# Watching Canadian shows online



## FeralFemale (Apr 10, 2006)

There is a new show I discovered and wanted to go online to catch up with the show. It is produced by the CBC. They have all the eps online, free to watch, but it is only available to computers in Canada! (from what I understand about it, canadians have the same trouble watching US shows online.)

Is there something easy and legal (and free) I can do? Someone online recommeded installing Hotspot Shield which would/should block the CBC website from knowing where I am from, but that still sounds kind of shady. I mean, if Canadian regulations prevent me from viewing canadian shows, that's still breaking the law, right? 

Anyone else have this problem and is there a solution or am I out of luck?


----------



## beorning73 (Apr 7, 2006)

You could probably use a web proxy that is located in Canada to circumvent the restrictions. You might run into latency issues with trying to watch streaming video via a proxy, but it's probably worth a shot. Just google "canadian proxy" and you'll find a ton of stuff. I think proxies have been discussed at length in this forum as well, so a search here would probably turn up some recommended proxy sites.

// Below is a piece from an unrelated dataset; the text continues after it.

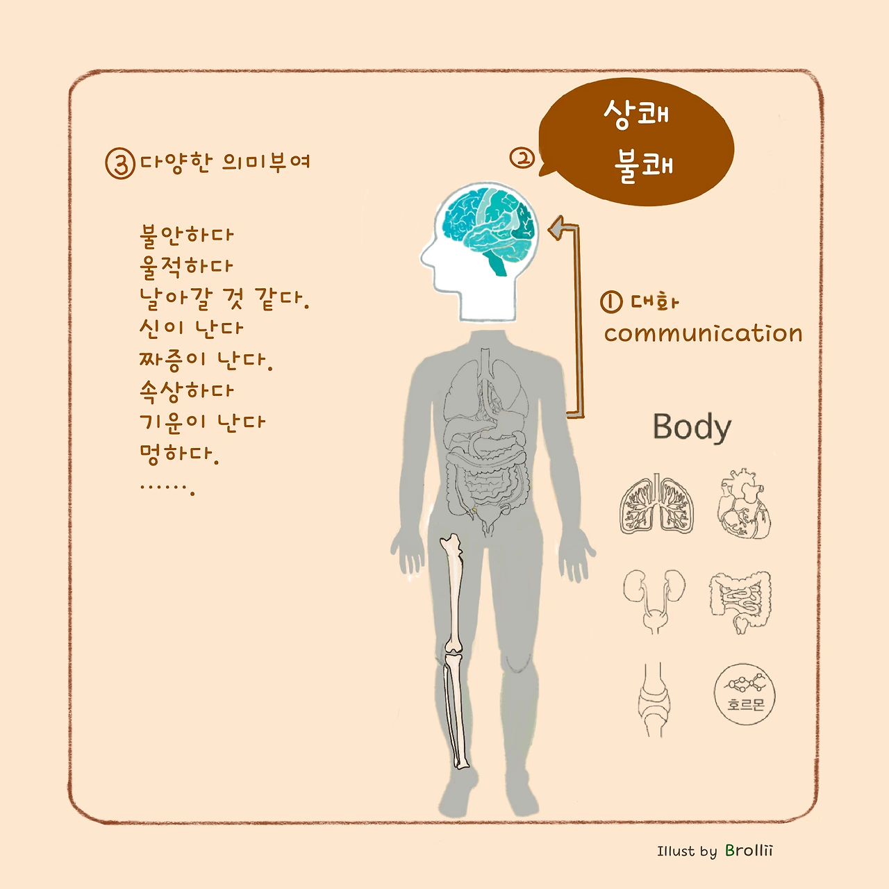 역시 보이지 않는 내부의 상태가 중요하다. 심장박동이 안정되게 뛰는지, 호르몬이 적절히 잘 분비되는지, 장기들이 제대로 작동하고 있는지, 이런 내부감각들의 느낌은 곧 정서의 바탕이 된다. 건강한 내부의 상태는 정서적 안정과 건강한 대인 관계, 의사 결정 능력에 기여한다. 속 편한 사람이 되기 위해 어떤 것들을 해야 할지는 브롤리의 그림책이나 연재들을 살펴보면 정보들이 곳곳에 있습니다.

I couldn't find much on the legality of watching the shows this way, but I would assume that Canadian law isn't terribly applicable to non- Canadians outside of Canada if nothing malicious is being engaged in.


----------



## OntarioMan (Feb 11, 2007)

Canadian law, with regard to television, is barely application to Canadians in Canada - nobody knows what is happening here. Not that I complain though, since its this same confusion which states that I cannot buy American satellite TV - but it is legal for me to hack into it.

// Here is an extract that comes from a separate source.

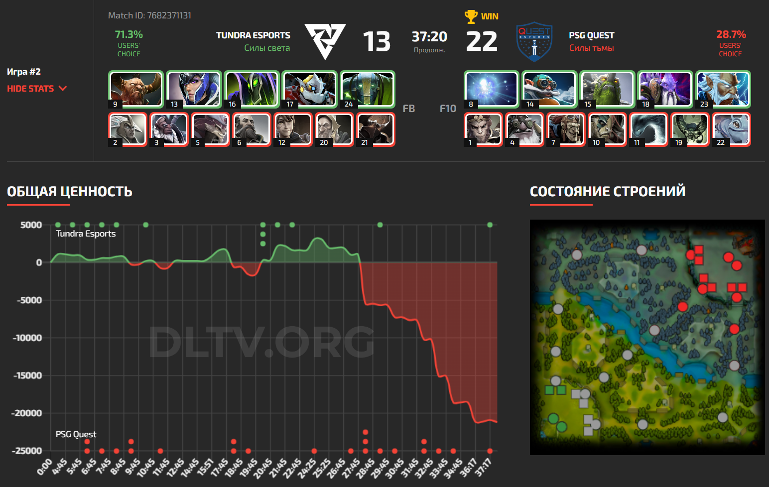 Вторая карта прошла при полной доминации PSG Quest, пикнувших проверенную связку Wisp и Gyrocopter. Pure на Luna почти всю игру лидировал по общей ценности, но вновь не смог перебить TA2000 на Gyrocopter.

The Mounties showing up at your door in Idaho because you're watching CBC on your computer - you have a better chance at winning the lottery - and besides, sled dogs won't go that far south!



beorning73 said:


> You could probably use a web proxy that is located in Canada to circumvent the restrictions. You might run into latency issues with trying to watch streaming video via a proxy, but it's probably worth a shot. Just google "canadian proxy" and you'll find a ton of stuff. I think proxies have been discussed at length in this forum as well, so a search here would probably turn up some recommended proxy sites.
> 
> I couldn't find much on the legality of watching the shows this way, but I would assume that Canadian law isn't terribly applicable to non- Canadians outside of Canada if nothing malicious is being engaged in.


----------



## Kari (Mar 24, 2008)

FeralFemale said:


> There is a new show I discovered and wanted to go online to catch up with the show. It is produced by the CBC. They have all the eps online, free to watch, but it is only available to computers in Canada! (from what I understand about it, canadians have the same trouble watching US shows online.)
> Anyone else have this problem and is there a solution or am I out of luck?


I sent you a PM.


----------